= John II of Nivelet =

John II of Nivelet (died 1316) is the name given in modern historiography to the last Baron of Nivelet in the Principality of Achaea, in Frankish Greece.

The Nivelet family had lost their original fief, the Barony of Geraki in the region of Lakonia, in the early 1260s to the Byzantine Empire, either in 1262, in exchange for the release of Prince William II of Villehardouin, taken captive by the Byzantines at the Battle of Pelagonia in 1259, or during the subsequent Byzantine offensives. Following the loss of Geraki, the family was compensated with new lands in Messenia and kept their baronial title, but the new "Barony of Nivelet" was no longer a distinct geographical entity, but apparently an assemblage of dispersed fiefs tied to his family.

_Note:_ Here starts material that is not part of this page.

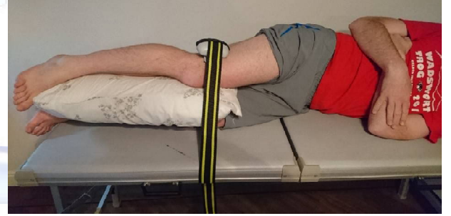
Fig. 3: Performance on the modified Star Excursion Balance Test (SEBT) on the left leg using the Y balance test system on the: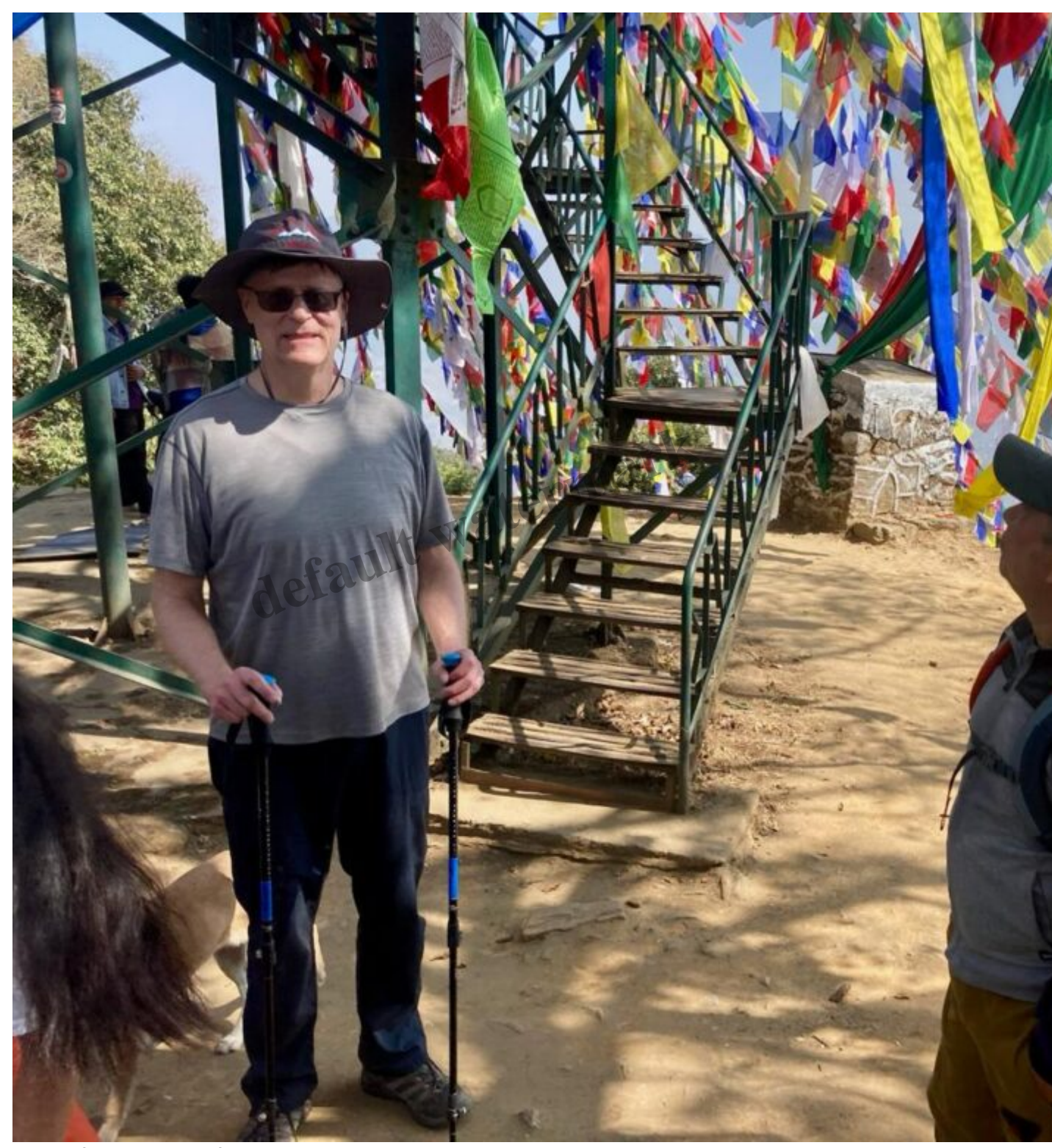
Really? More stairs?!

Our destination viewed from two-thirds of the way up

John II is not attested by name in the sources; his name is a conjecture by the 19th-century medievalist Karl Hopf, which has since been repeated in several works dealing with the period. It is only known that in 1315–16 the then Baron of Nivelet supported Ferdinand of Majorca's attempt to claim the Principality of Achaea against Princess Matilda of Hainaut and her husband Louis of Burgundy. After Ferdinand was defeated and killed at the Battle of Manolada in July 1316, the Baron of Nivelet was executed by Louis of Burgundy, and his lands were given to one of Louis' Burgundian followers, Dreux of Charny.